Slow growth normally imply 1 . ur antibiotic conc is too high or 2. ur culture got no plasmid ( some residual growth are sometimes expected especially when u use carbenicillin as ur antibiotic or any bacteriostatic type antibiotic). DID you do a control of " no plasmid" to check for the strength of your antibiotic. u DIDNOT mention anythiong about control. Experiment w/o control = experiment w/o direction
I wonder if you have solved your mystery? especially the part that culture grow slow after O/N incubation, because I am facing the same problem here. I am doing a site-directed mutagenesis by following quick-change protocol from Stratagene. After DpnI treatment, I transformed reaction into GC10 competent cells, grow O/N on carb/agar plate. Examine the plate next day and the colonies look fine. Pick them out and grow in LB with selection at 37C, O/N, the culture look very dilute, and I only got a small bacterial pellet.

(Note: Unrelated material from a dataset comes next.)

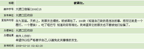 這封來信反映:在大渡口九宮廟天橋上,“我朋友去嫖妓錢被調(diào)包了,損失200塊!眮硇诺哪康氖牵合M驌糍u淫行為,以讓“其他的人不要被他們給騙了!鞭k理該來信的大渡口區(qū)政府回信只有一句話:“希望你以后嚴(yán)格要求自己,以避免此類事情的發(fā)生!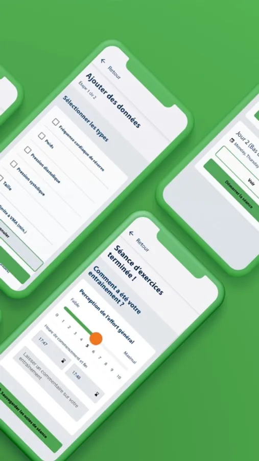 - Consultez vos programmes d'entraînement et remplissez vos séances directement à partir de l’application.

Use Qiagen miniprep kit and got no plasmid at all.
Hope some help!!
Slow growth normally imply 1 . ur antibiotic conc is too high or 2. ur culture got no plasmid ( some residual growth are sometimes expected especially when u use carbenicillin as ur antibiotic or any bacteriostatic type antibiotic). DID you do a control of " no plasmid" to check for the strength of your antibiotic. u DIDNOT mention anythiong about control. Experiment w/o control = experiment w/o direction
Good idea!! But I think if I need a control to know if the [carb] is too high, I should transform bugs with the same vactor that I used to do the cloning. Well, I guess Experiment w/o logic = Experiment w/o brain.